Say, Ron Johnson: Sen. Albert Gore Sr. had a message for you

The message is a half-century old, but it should be must-reading for Sen. Johnson 


and his equally contemptible GOP partners in self-serving impeachment trial dereliction of duty.

I found the message in a very readable new book which Ohio Democratic US Senator Sherrod Brown has published about American history, progressive legislation and the US Senate.

The book is cleverly organized around biographies of eight Senators who had occupied the Senate chamber desk at which Brown now sits:
Desk 88: Eight Progressive Senators Who Changed America
Senators inscribe their names in their desks' drawers; Brown picked Desk 88 because some of his heroes - - among them Hugo Black, Robert Kennedy, Wisconsin's Bill Proxmire, and George McGovern - - had previously occupied it.

(Disclosure: Sen. McGovern was my father-in-law)


(Separate side Note: the chapter on Bill Proxmire is stand-alone must reading for students of Wisconsin political history, as Proxmire's career touched, or overlapped with the Madison Capital Times, Joe McCarthy and plenty of other Wisconsin political figures whom Brown includes.)


Brown appends after each chapter personal interactions, where available. which he'd had with his subject, and adds evaluations and criticisms which give his book an even-handed credibility.

And now for the message in Brown's book which at least 51 Republican Senators should read to their shame (I am giving Maine's Susan Collins and Utah's Mitt Romney a pass, for now).  

The same day last week when the GOP-run Senate - - including Wisconsin's Ron Johnson - -  gave Trump a pass at the expense of the mission of the Senate, I read these concluding lines about the Senate career of Democratic Sen. Albert Gore in 1970.

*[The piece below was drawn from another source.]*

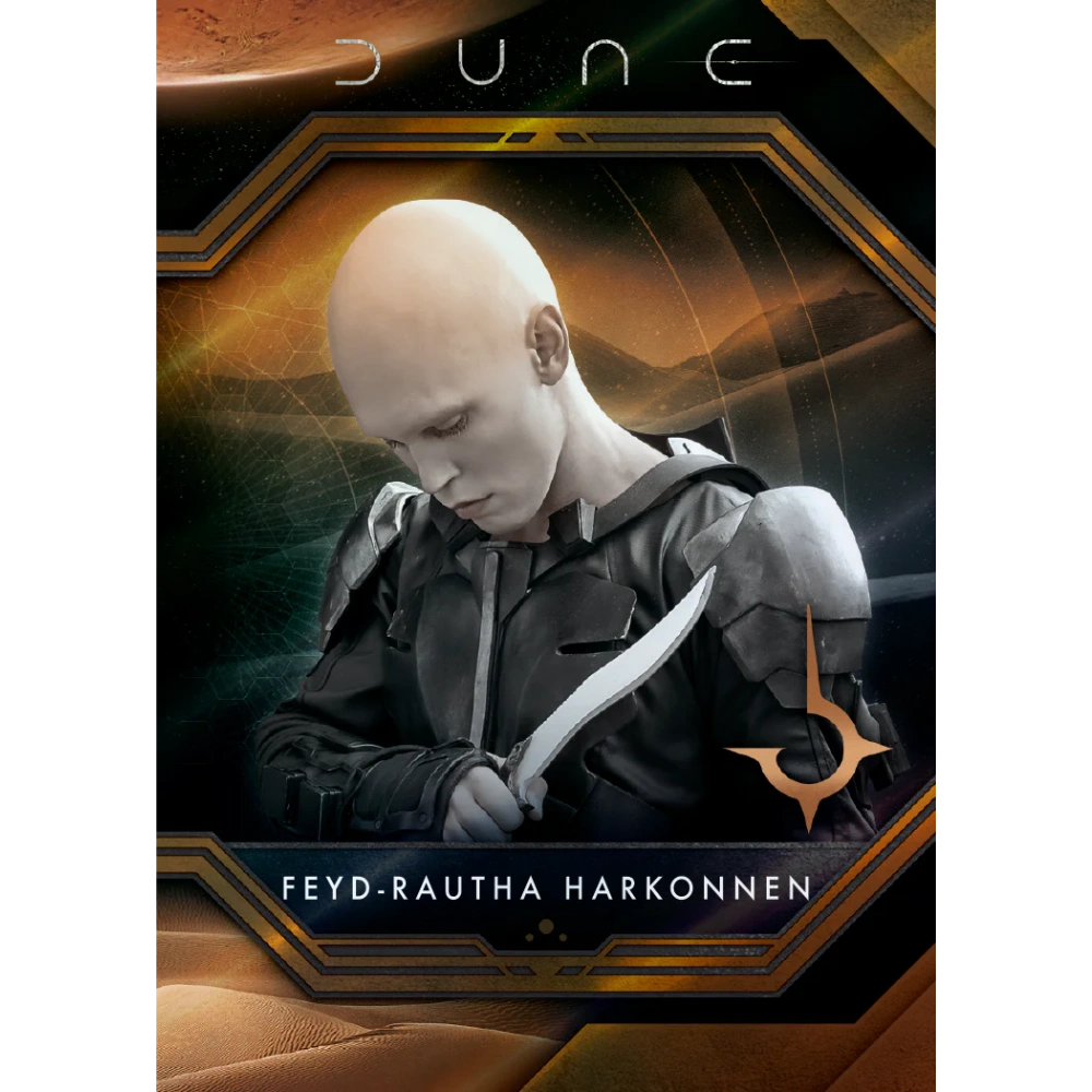 Sammler entdecken zudem eine Vielzahl einzigartiger Inserts, darunter Dune Acrylics und Art of Dune, sowie viele weitere Überraschungen. Das 90-Karten-Base-Set fängt das Wesen der Saga ein, mit 35 Rollen aus Dune: Teil Eins und Teil Zwei sowie 65 beeindruckenden Szenen aus Dune: Teil Eins.

The Tennesseean had lost his bid for a fourth term as the south was turning deeply rightwing, reactionary and Republican, but left behind an admonition for today, which Brown has passed on:
After his defeat, Gore wrote: "A senator can ill afford to forget he is a politician, but, above all else, he must always remember that he is a senator. Unless he can meet this test he should never have been elected in the first place."
As I said, Brown acknowledges his subjects' shortcomings, and finds fault with Gore's civil rights and labor records, but moralizing Gore's directive is an historian's gift.